▸ **Material for this exercise**
----------------------------------------

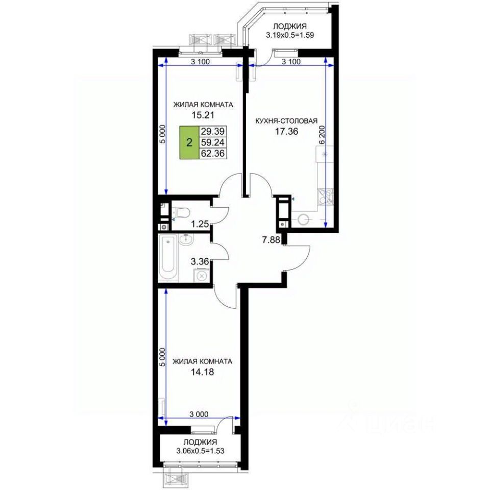 62,36 м²
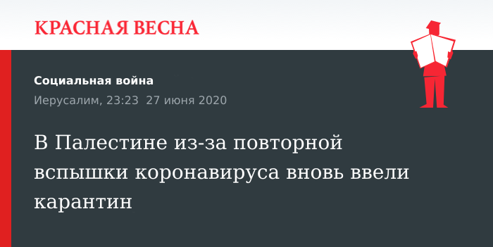 Повторная вспышка COVID-19 зарегистрирована в ряде городов на Западном берегу реки Иордан, в связи с чем в регионе объявлен карантин, 27 июня сообщает информационное агентство Maan.
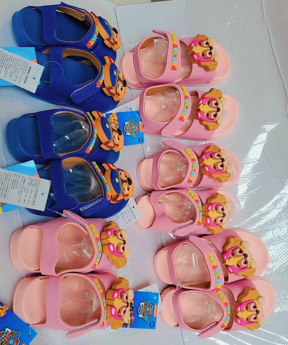 Adorables sandales pour enfants avec des personnages amusants. Confortables et durables, idéales pour une journée en plein air. Disponibles en rose et bleu.
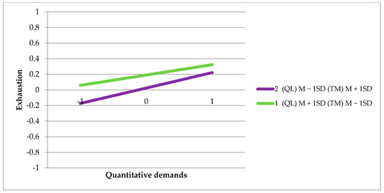 Conditional effect of quantitative demands on exhaustion at: 1—High values of (QL) quality of leadership and low values of (TM) trust in management, 2—Low values of (QL), high values of (TM). The figure shows the standardized results.
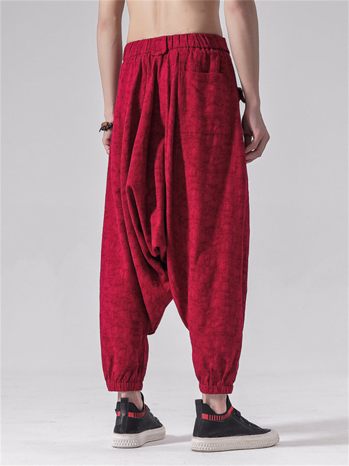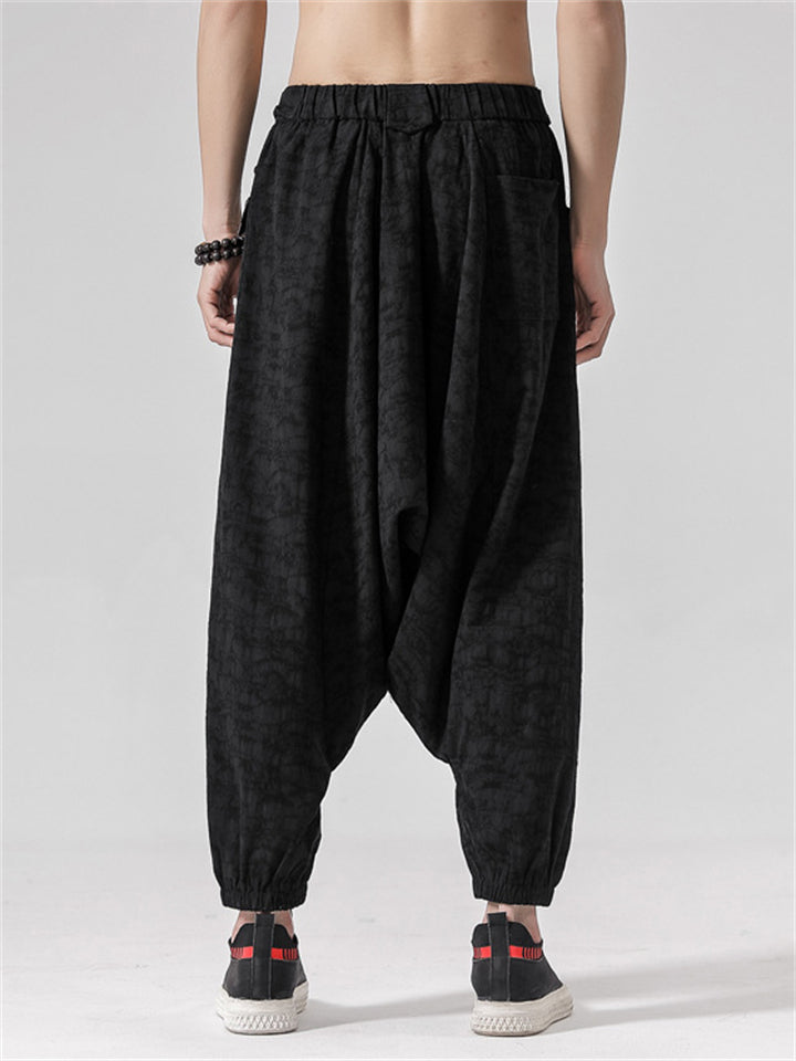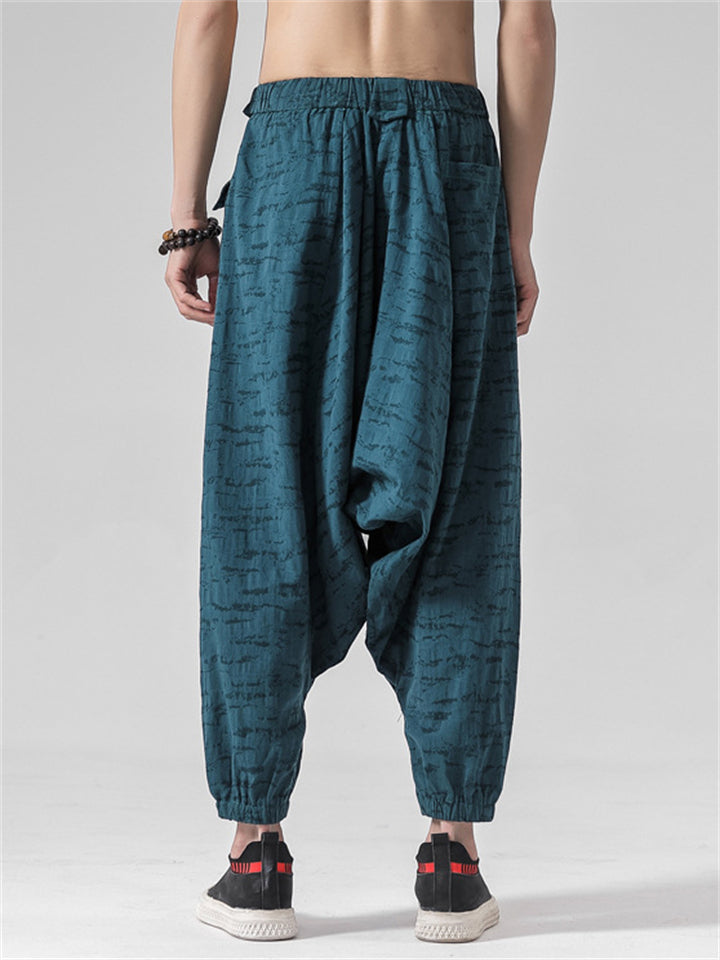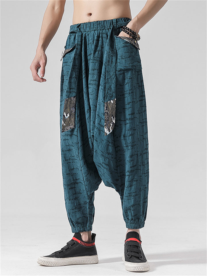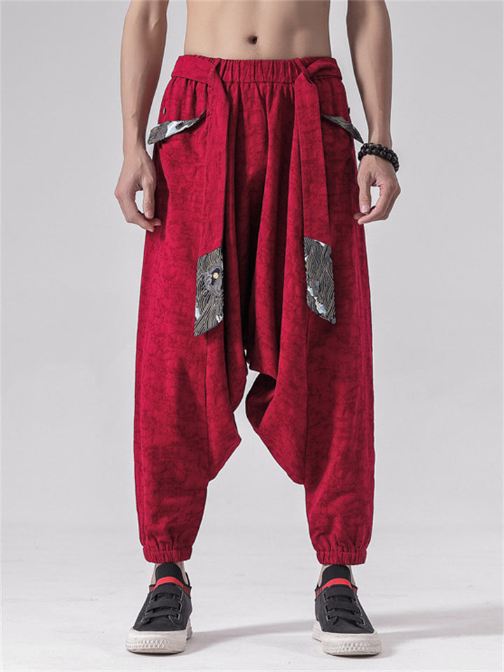 Chinese Style Men's Patchwork Harem Pants with Decorative Belt
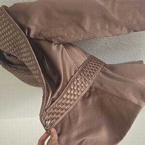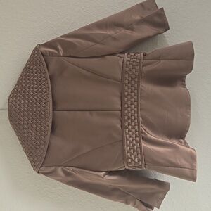 Terani taupe blazer and strapless midi dress set. Perfect for formal occasions. Blazer has textured collar and waistline with accented shiny closure details. Dress is flattering with textured front waistline and heart neckline, also has convenient inside strap for more stability.

----------------------------------------

▸ **Task requirements**
Everything from the line with "Повторная вспышка COVID-19" through the end of the records above, both ends included, is to be reproduced exactly, and nothing outside that span; the pictures are to be dropped.

▸ **Solved problem**
 Повторная вспышка COVID-19 зарегистрирована в ряде городов на Западном берегу реки Иордан, в связи с чем в регионе объявлен карантин, 27 июня сообщает информационное агентство Maan.
 Adorables sandales pour enfants avec des personnages amusants. Confortables et durables, idéales pour une journée en plein air. Disponibles en rose et bleu.
 Conditional effect of quantitative demands on exhaustion at: 1—High values of (QL) quality of leadership and low values of (TM) trust in management, 2—Low values of (QL), high values of (TM). The figure shows the standardized results.
 Chinese Style Men's Patchwork Harem Pants with Decorative Belt
 Terani taupe blazer and strapless midi dress set. Perfect for formal occasions. Blazer has textured collar and waistline with accented shiny closure details. Dress is flattering with textured front waistline and heart neckline, also has convenient inside strap for more stability.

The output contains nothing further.